One advantage of the foregoing apparatus is that it is self-cleaning. That is, the combination of supplied pressure and forces generated by ultrasonically exciting the means for supplying ultrasonic energy to the pressurized liquid (without applying ultrasonic energy directly to the orifice) can remove obstructions that appear to block the exit orifice (e.g., extrusion orifice). According to the invention, the exit orifice is adapted to be self-cleaning when the means for applying ultrasonic energy is excited with ultrasonic energy (without applying ultrasonic energy directly to the orifice) while the exit orifice receives pressurized multi-component liquid from the chamber and passes the multi-component liquid out of the die housing to form an emulsion.

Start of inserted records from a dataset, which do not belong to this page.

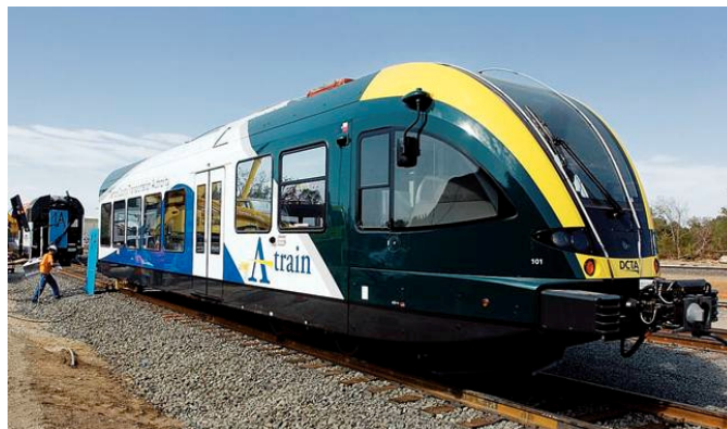
Above: Workers install an articulation bracket on one of the DCTA's new A-train cars in Lewisville. (Photo credit: DRC/AI Key)

Source: 8/13/11 Fort Worth Star-Telegram , article by Susan McFarland, at http://www.star-telegram.com/2011/08/13/3288921/old-town-merchants-all-aboard.html
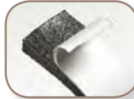
Previous to Expansion
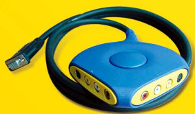
Multifunctional cable assembly
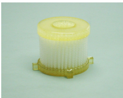
Pleating (Secondary Treatment)
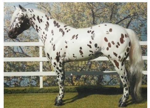
RESERVE CHAMPION STOCK BREED: POCO DOT (IC)

Arabian (61): 1-Gossamer Wings (KW), 2-So China Rose (SuR), 3-KAS Dream Dancer (BH), 4-Ahvaz Gazah (SH), 5-Gwalizein (JW), 6-Hathor (SN), 7-Heaven's Angel (SH), 8-Walad (SN), 9-GGK Tiqatu (SN), 10-TC (CM), HM-Maamoon Azeem (SH), Tech Noir II (AI)
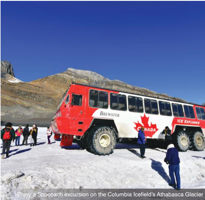
Enjoy a Snocoach excursion on the Columbia Icefield's Athabasca Glacier
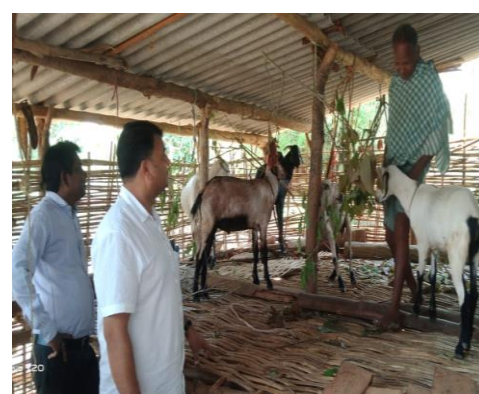
Goat shed structure

Sponsored by Azim Premji Foundation (Philanthropic Initiatives)
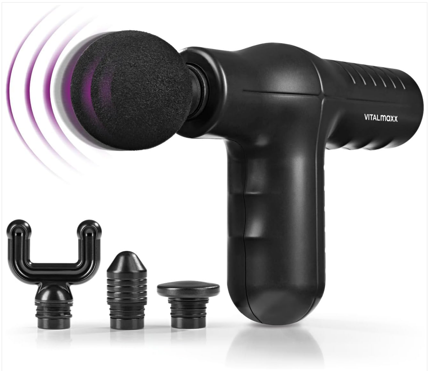
Image: The VITALmaxx Electric Mini Massage Gun shown with its main unit and four interchangeable massage heads.
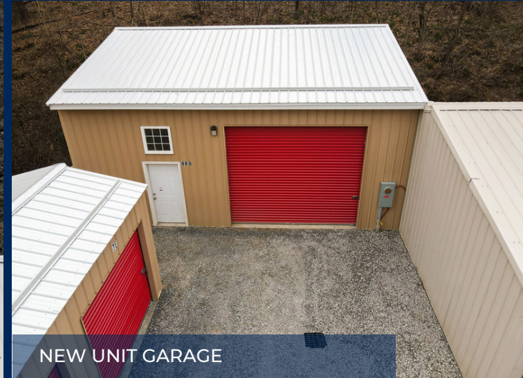
NEW UNIT GARAGE
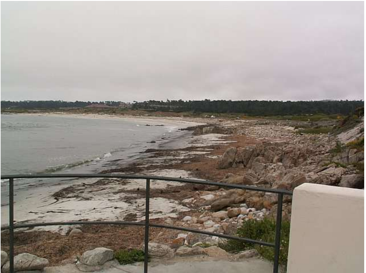
Spanish Bay, Pebble Beach, CA Matt Rothrock
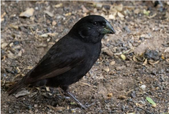
Large Ground-Finch

tortoises can be spotted in their natural habitat amongst the bushes. Land iguanas nest in the middle of the trail, where their distinctly textured and yellowish skin can be observed from up close. Flycatchers, Darwin's finches, and Galápagos Mockingbirds are commonly seen in the area. Room type – Cabin
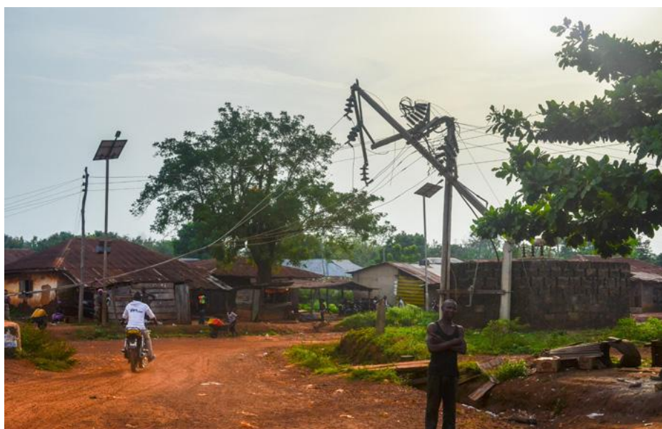
Fig. 3: Broken infrastructure potential cause of power outage.

In general, melt-extruded polymeric strands are formed with the extruder apparatus 100 illustrated in FIG. 1 by introducing a pressurized multi-component liquid into the chamber 104 of the die housing 102 through the inlet 110 and exciting the ultrasonic horn 116 as the pressurized multi-component liquid is extruded through the exit orifice 112. As described above, the multi-component pressurized liquid comprises a melt-extrudable polymer and an immiscible component which is immiscible in the melt-extrudable polymer when the multi-component pressurized liquid is at a temperature suitable for melt-extrusion. The ultrasonic energy applied by the ultrasonic horn 116 applies ultrasonic energy to a portion of the pressurized multi-component liquid within the chamber and without applying ultrasonic energy to the die tip, while the multi-component liquid is received and extruded through the exit orifice 112. The ultrasonic energy emulsifies the multi-component liquid so that the melt-extrudable polymer forms a continuous phase of the emulsion and the immiscible component forms a disperse phase of the emulsion. After the multi-component liquid is extruded through the exit orifice 112, the extruded multi-component liquid is attenuated to form a strand. The attenuation of the extruded multi-component liquid can be accomplished mechanically or by entraining the fiber in a fluid such as in a meltblowing or spunbonding process. To form a nonwoven web from the extruded strand, the strand is randomly deposited on a collecting surface. Nonwoven webs can also be prepared by extruding the multi-component liquid and forming a strand, cutting the strand into staple fibers, and carding the staple fibers into a nonwoven web which can be subsequently bonded by known means.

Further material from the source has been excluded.